Plan rewriting in PbR is related to term and graph rewriting. Term rewriting originated in the context of equational theories and reduction to normal forms as an effective way to perform deduction [8,9]. A rewrite system is specified as a set of rules. Each rule corresponds to a preferred direction of an equivalence theorem. The main issue in term rewriting systems is convergence, that is, if two arbitrary terms can be rewritten in a finite number of steps into a unique normal form. In PbR two plans are considered ``equivalent'' if they are solutions to the same problem, although they may differ on their cost or operators (that is, they are ``equivalent'' with respect to ``satisfiability'' as introduced above). However, we are not interested in using the rewriting rules to prove such ``equivalence''. Instead, our framework uses the rewriting rules to explore the space of solution plans.

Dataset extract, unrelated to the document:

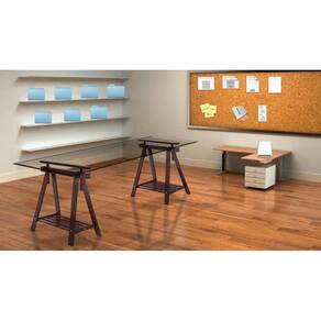 Cavaletes com ótimo acabamento produzido com madeira de reflorestamento que ira deixar seu ambiente de trabalho com ar clean e de organização.São necessarios compra dois cavaletes para compor o ambiente.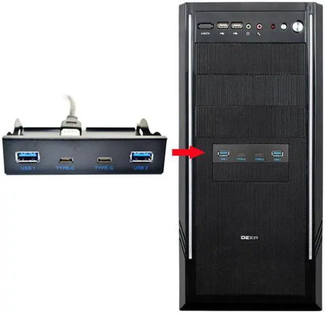 USB-C & USB 3.0 HUB 4 Ports Front Panel to Motherboard 20Pin Connector Cable for 3.5" Floppy Bay

Graph rewriting, akin to term rewriting, refers to the process of replacing a subgraph of a given graph, when some conditions are satisfied, by another subgraph. Graph rewriting has found broad applications, such as very high-level programming languages, database data description and query languages, etc. Schürr [73] presents a good survey. The main drawback of general graph rewriting is its complexity. Because graph matching can be reduced to (sub)graph isomorphism the problem is NP-complete. Nevertheless, under some restrictions graph rewriting can be performed efficiently [25].

Planning by Rewriting adapts general graph rewriting to the semantics of partial-order planning with a STRIPS-like operator representation. A plan-rewriting rule in PbR specifies the replacement, under certain conditions, of a subplan by another subplan. However, in our formalism the rule does not need to specify the completely detailed embedding of the consequent as in graph rewriting systems. The consistent embeddings of the rule consequent, with the generation of edges if necessary, are automatically computed according to the semantics of partial-order planning. Our algorithm ensures that the rewritten plans always remain valid (Section 3.1.3). The plan-rewriting rules are intended to explore the space of solution plans to reach high-quality plans.